When faced with a global pandemic such as COVID-19, the flaws of individualization approaches to health and adherences to rhetoric of individuals as rational consumers of public goods and information including health, becomes evident. Research on responses to the pandemic in the USA by disadvantaged adults with comorbid conditions has also showed that they lacked critical resources such as health literacy and engagement with the health system and health information to make informed decisions, and, despite concerns, were not changing routines or plans (Wolf et al., 2020). In the USA, anti-lockdown protests and attitudes towards the virus and protective guidelines have mostly been influenced by partisan voting patterns rather than rational assessment of risk (Vince, 2020). Interestingly enough decades of neoliberalism and social conservatism with its zealous emphasis on personal liberties and small government display their worst civil society traits in time of crisis through cultural expressions such as these refusals to wear masks as well as incidents of physical attacks on health staff and businesses in UK, Australia and USA trying to enforce mask wearing (Vince, 2020). What refusals to adopt protective measures such as these indicate is the manner in which, decades of individualization and autonomy-based approaches to the relationship between individuals, the state and society, distort the relationship between individuals and the social interdependency nature of health and wellbeing.

The advent of a global infectious disease such as COVID-19 questions our understanding of autonomous agency in two important ways, as stated by Azétsop and Rennie (Azétsop and Rennie, 2010) a decade earlier:

First, as both a victim and a vector, a patient cannot be simply seen as a rational agent who has the final ethical word on his own decisions. Both vulnerability to infection and threat of transmission to others should shape our understanding of patient agency. Second, the concept of choice that shapes our conception of agency in bioethics can no longer be understood in isolation from society. (2010, p. 2)

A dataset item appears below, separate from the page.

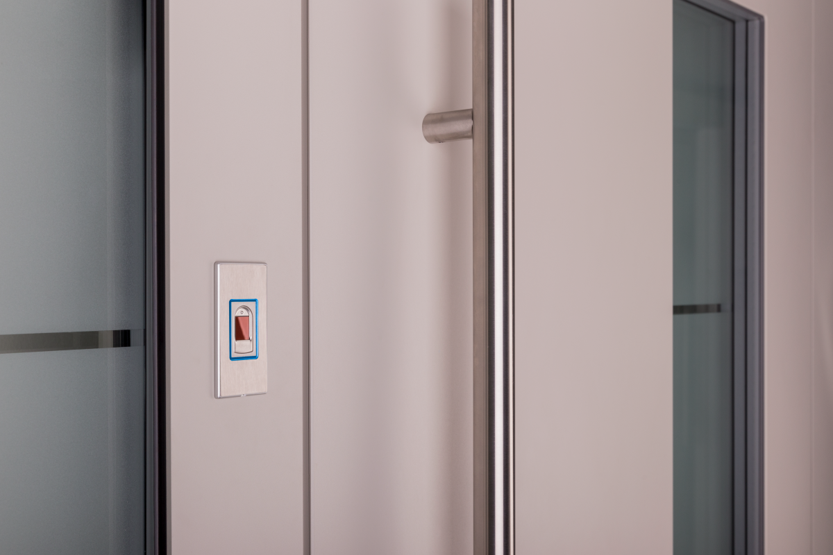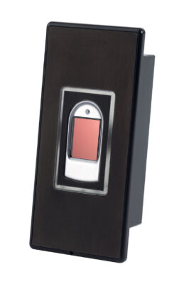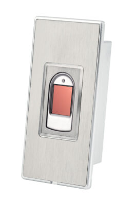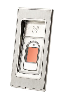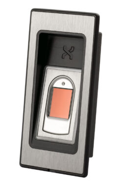 Der leistungsstarke und kleine Fingerabdruckscanner kann in das Türblatt eingebaut, neben der Tür oder an der Wand montiert werden. Erhältlich in R7- oder R8-Technologie.

Confronted with an evolving threat such as a global pandemic, governments and public health officials have not hesitated to curtail autonomous agency and personal choice when the wellbeing of third parties are involved (Bayer, 2007). Individualism and autonomy are, however, constantly evoked to account for disparities in health and economic outcomes, with the most disadvantaged groups and individuals often becoming the target of programmes and policies to address their self-care and autonomy deficiencies. At the centre of this paradox lies a fundamental flaw in the application of the ‘rights’ language (Kirtley, 2017) and the relationship between individuals and the state. The preference neoliberalist policy gives to notions of individual freedom as equated with an absence of constraints imposed on an individual by outside authorities fails to recognize the role of government intervention, collective action and the common good to create the conditions in which individuals can exercise their free will (Ives, 2020).

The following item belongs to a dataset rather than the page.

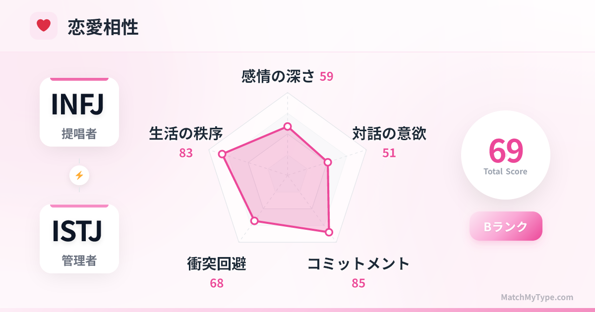 - 3**計画の変更**:二人ともJタイプで、計画が狂うのを嫌います。しかし、INFJの計画変更は気分や直感によることが多く、厳格なISTJを苛立たせます。
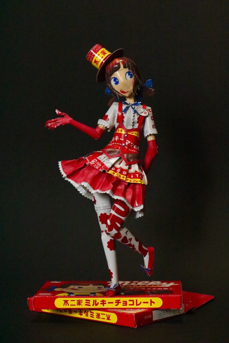▼整個公仔用不二家牛奶巧克力空盒製作,牛奶妹Peko的臉更加俏皮可愛。紅色的舞鞋,飄逸靈動的百褶裙,時尚的禮貌,這一切都是由空盒改造完成的。

The conceptualization of health disparities and health interventions using this narrow application of individual freedom and responsibility principles, ignores the links between free will and the structural and social conditions that shape individual action and choices (Thomas and Buckmaster, 2010; Schram and Goldman, 2018). The social, economic and structural factors shaping individual choices, health behaviours and health outcomes are as evident in time of global pandemic events as they are in normal times. The brief respite to this rhetoric in favour of greater attention to the addressing the health impacts of poor housing, poverty, unemployment and underemployment are no more than a recognition that a concern for the common good requires a broader understanding of individual rights and freedom of choice.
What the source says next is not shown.